*TASK DIRECTIONS*
Take the line with "Billy serves as" as the first and the last line of the data as the end. Write out both and every line between exactly, except pictures.

*DATA BLOCK*
====================

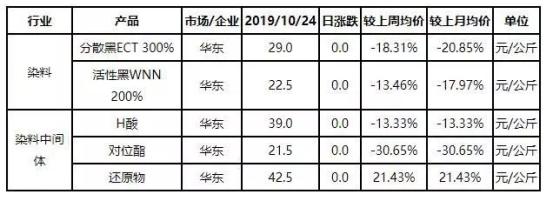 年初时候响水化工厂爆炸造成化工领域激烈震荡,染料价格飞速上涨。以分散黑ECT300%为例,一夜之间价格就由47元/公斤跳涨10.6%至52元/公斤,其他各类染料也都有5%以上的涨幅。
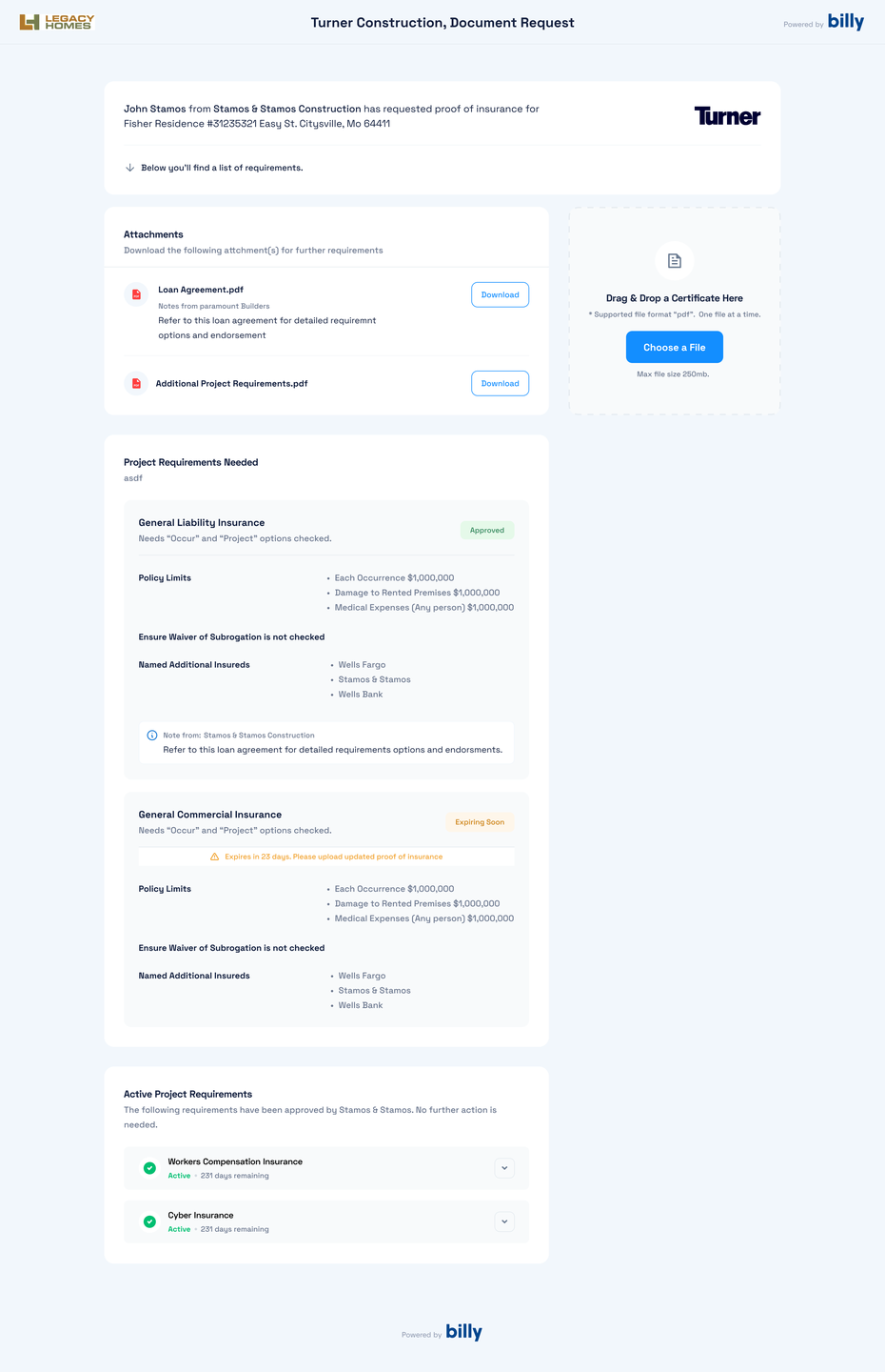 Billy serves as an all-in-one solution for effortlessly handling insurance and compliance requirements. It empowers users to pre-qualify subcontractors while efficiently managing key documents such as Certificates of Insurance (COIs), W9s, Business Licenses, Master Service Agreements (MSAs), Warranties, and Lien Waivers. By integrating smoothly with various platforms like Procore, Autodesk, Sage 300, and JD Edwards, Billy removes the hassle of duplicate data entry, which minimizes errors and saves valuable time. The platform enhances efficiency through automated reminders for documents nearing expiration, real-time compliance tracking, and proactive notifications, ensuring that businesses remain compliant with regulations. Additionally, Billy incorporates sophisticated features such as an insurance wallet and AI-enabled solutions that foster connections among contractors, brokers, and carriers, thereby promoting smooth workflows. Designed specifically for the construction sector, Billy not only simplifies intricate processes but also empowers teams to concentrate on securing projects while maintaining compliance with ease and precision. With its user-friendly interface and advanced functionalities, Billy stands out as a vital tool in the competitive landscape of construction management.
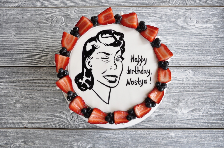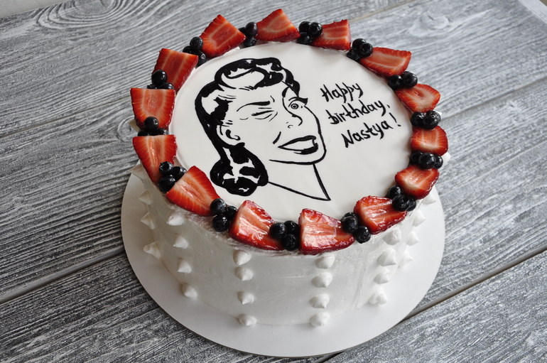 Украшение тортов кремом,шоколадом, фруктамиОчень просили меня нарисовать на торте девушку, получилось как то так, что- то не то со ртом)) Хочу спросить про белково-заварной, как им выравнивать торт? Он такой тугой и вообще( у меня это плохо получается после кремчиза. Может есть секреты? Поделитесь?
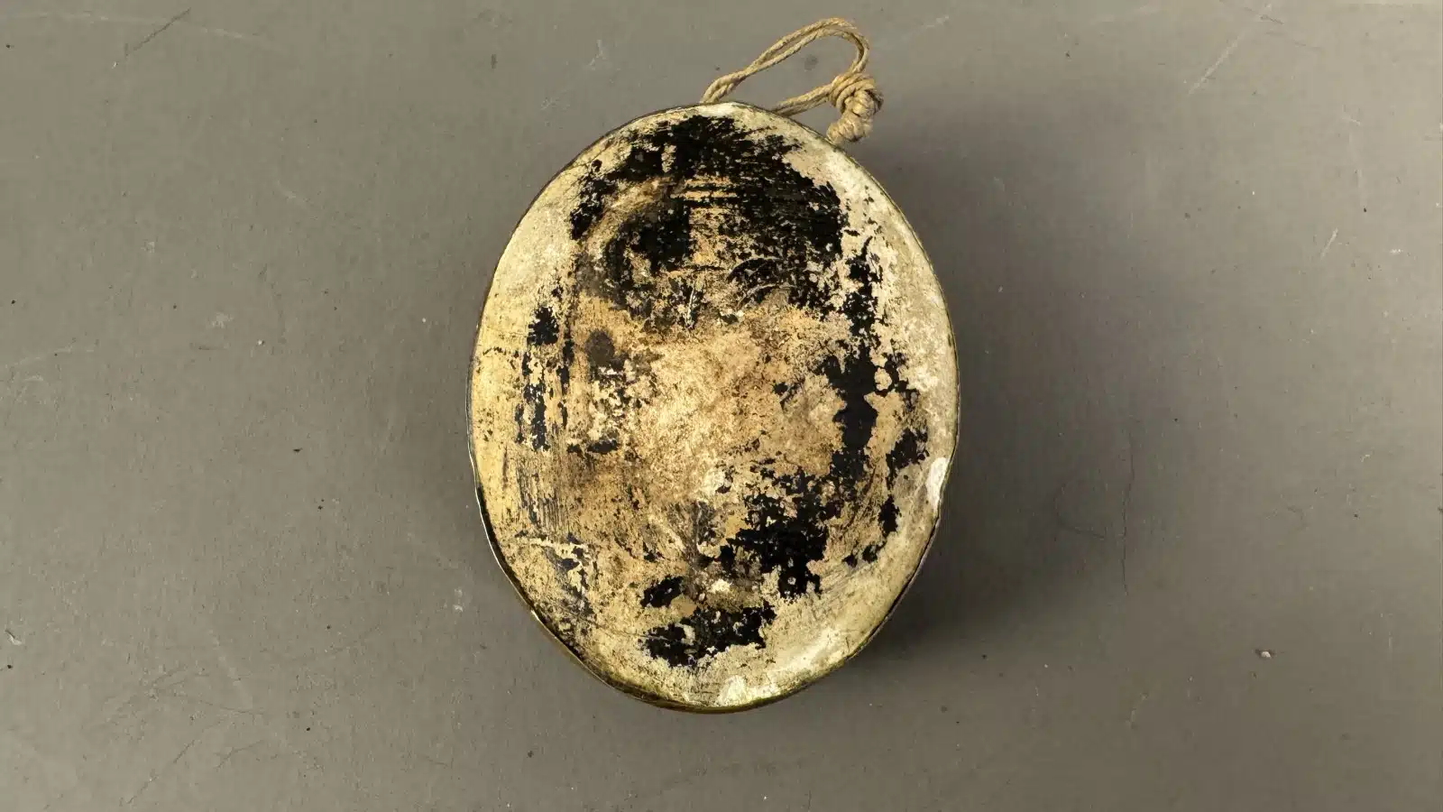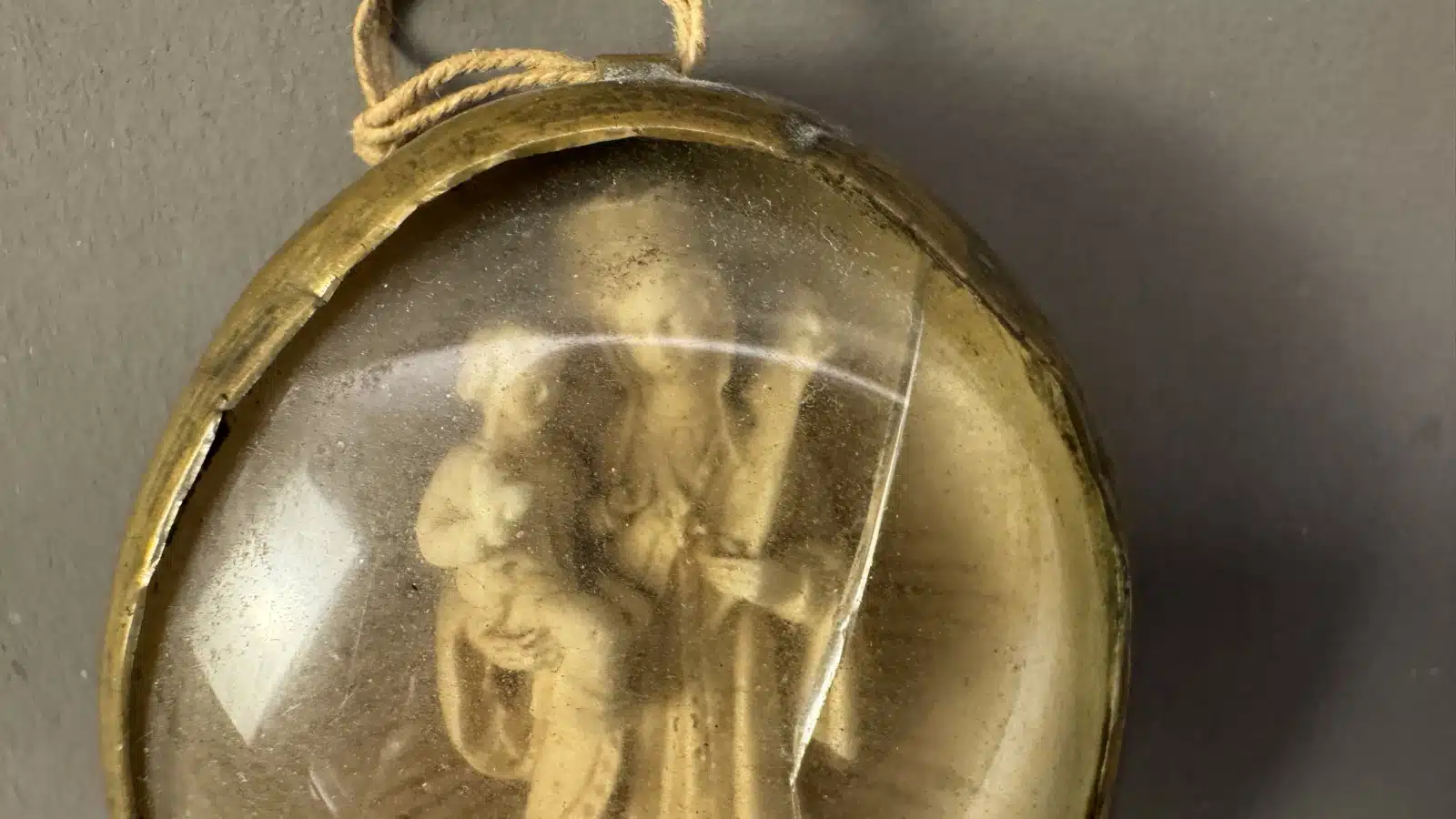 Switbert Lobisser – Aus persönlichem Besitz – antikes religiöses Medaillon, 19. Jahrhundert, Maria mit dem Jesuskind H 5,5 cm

====================

*TASK SOLUTION*
 Billy serves as an all-in-one solution for effortlessly handling insurance and compliance requirements. It empowers users to pre-qualify subcontractors while efficiently managing key documents such as Certificates of Insurance (COIs), W9s, Business Licenses, Master Service Agreements (MSAs), Warranties, and Lien Waivers. By integrating smoothly with various platforms like Procore, Autodesk, Sage 300, and JD Edwards, Billy removes the hassle of duplicate data entry, which minimizes errors and saves valuable time. The platform enhances efficiency through automated reminders for documents nearing expiration, real-time compliance tracking, and proactive notifications, ensuring that businesses remain compliant with regulations. Additionally, Billy incorporates sophisticated features such as an insurance wallet and AI-enabled solutions that foster connections among contractors, brokers, and carriers, thereby promoting smooth workflows. Designed specifically for the construction sector, Billy not only simplifies intricate processes but also empowers teams to concentrate on securing projects while maintaining compliance with ease and precision. With its user-friendly interface and advanced functionalities, Billy stands out as a vital tool in the competitive landscape of construction management.
 Украшение тортов кремом,шоколадом, фруктамиОчень просили меня нарисовать на торте девушку, получилось как то так, что- то не то со ртом)) Хочу спросить про белково-заварной, как им выравнивать торт? Он такой тугой и вообще( у меня это плохо получается после кремчиза. Может есть секреты? Поделитесь?
 Switbert Lobisser – Aus persönlichem Besitz – antikes religiöses Medaillon, 19. Jahrhundert, Maria mit dem Jesuskind H 5,5 cm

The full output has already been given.